STUDY MATERIAL:
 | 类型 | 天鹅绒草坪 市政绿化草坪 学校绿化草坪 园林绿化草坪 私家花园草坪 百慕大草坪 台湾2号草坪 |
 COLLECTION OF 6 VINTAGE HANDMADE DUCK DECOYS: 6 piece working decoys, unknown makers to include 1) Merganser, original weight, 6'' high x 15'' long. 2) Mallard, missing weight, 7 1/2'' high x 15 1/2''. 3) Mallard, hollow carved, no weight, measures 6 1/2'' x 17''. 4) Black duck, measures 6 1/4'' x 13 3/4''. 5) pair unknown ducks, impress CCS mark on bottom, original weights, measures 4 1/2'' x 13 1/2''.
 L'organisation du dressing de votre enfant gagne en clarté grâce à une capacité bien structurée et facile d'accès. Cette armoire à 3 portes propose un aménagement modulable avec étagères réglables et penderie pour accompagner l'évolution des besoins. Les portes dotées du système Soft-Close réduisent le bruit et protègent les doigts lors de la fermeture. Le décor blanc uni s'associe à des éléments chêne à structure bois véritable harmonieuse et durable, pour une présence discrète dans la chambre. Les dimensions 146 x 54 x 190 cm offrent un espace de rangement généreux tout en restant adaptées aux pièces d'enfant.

==

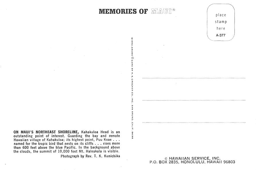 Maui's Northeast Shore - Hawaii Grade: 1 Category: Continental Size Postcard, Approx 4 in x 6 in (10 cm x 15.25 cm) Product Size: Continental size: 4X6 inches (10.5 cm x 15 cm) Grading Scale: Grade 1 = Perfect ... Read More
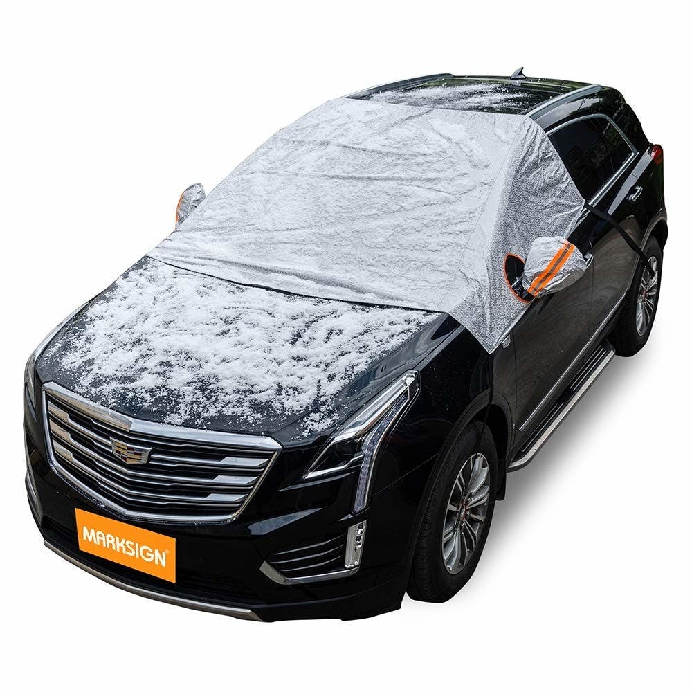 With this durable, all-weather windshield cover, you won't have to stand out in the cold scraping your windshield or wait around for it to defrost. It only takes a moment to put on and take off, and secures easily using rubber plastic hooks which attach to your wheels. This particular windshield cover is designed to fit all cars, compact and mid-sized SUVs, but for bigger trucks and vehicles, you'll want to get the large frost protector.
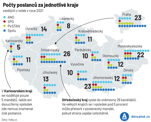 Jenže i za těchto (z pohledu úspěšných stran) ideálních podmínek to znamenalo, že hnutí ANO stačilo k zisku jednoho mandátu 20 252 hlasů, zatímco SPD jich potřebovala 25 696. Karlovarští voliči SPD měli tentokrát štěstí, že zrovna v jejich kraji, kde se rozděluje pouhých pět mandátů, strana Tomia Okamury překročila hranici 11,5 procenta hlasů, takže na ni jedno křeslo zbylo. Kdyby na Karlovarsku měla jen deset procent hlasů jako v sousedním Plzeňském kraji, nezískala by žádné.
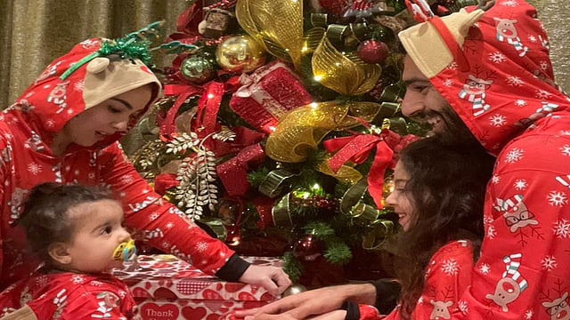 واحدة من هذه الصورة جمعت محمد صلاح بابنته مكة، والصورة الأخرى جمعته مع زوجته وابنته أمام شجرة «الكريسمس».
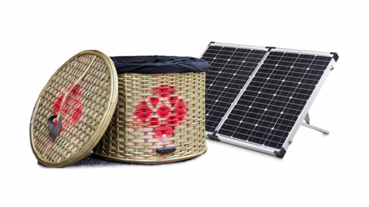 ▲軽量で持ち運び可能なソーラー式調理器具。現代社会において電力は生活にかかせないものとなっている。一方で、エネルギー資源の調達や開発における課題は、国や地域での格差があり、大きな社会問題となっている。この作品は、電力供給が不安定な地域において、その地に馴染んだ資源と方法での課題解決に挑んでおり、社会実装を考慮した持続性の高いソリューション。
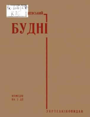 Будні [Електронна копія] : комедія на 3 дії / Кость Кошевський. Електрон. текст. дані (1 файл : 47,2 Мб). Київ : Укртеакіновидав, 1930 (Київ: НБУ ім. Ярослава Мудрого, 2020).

WHAT NEEDS TO BE DONE: Above are some records. Reproduce the lines from the one with "Maui's Northeast Shore" down to the one with "واحدة من هذه", keeping both, and leave every picture out.

SOLUTION TO THIS TASK:
 Maui's Northeast Shore - Hawaii Grade: 1 Category: Continental Size Postcard, Approx 4 in x 6 in (10 cm x 15.25 cm) Product Size: Continental size: 4X6 inches (10.5 cm x 15 cm) Grading Scale: Grade 1 = Perfect ... Read More
 With this durable, all-weather windshield cover, you won't have to stand out in the cold scraping your windshield or wait around for it to defrost. It only takes a moment to put on and take off, and secures easily using rubber plastic hooks which attach to your wheels. This particular windshield cover is designed to fit all cars, compact and mid-sized SUVs, but for bigger trucks and vehicles, you'll want to get the large frost protector.
 Jenže i za těchto (z pohledu úspěšných stran) ideálních podmínek to znamenalo, že hnutí ANO stačilo k zisku jednoho mandátu 20 252 hlasů, zatímco SPD jich potřebovala 25 696. Karlovarští voliči SPD měli tentokrát štěstí, že zrovna v jejich kraji, kde se rozděluje pouhých pět mandátů, strana Tomia Okamury překročila hranici 11,5 procenta hlasů, takže na ni jedno křeslo zbylo. Kdyby na Karlovarsku měla jen deset procent hlasů jako v sousedním Plzeňském kraji, nezískala by žádné.
 واحدة من هذه الصورة جمعت محمد صلاح بابنته مكة، والصورة الأخرى جمعته مع زوجته وابنته أمام شجرة «الكريسمس».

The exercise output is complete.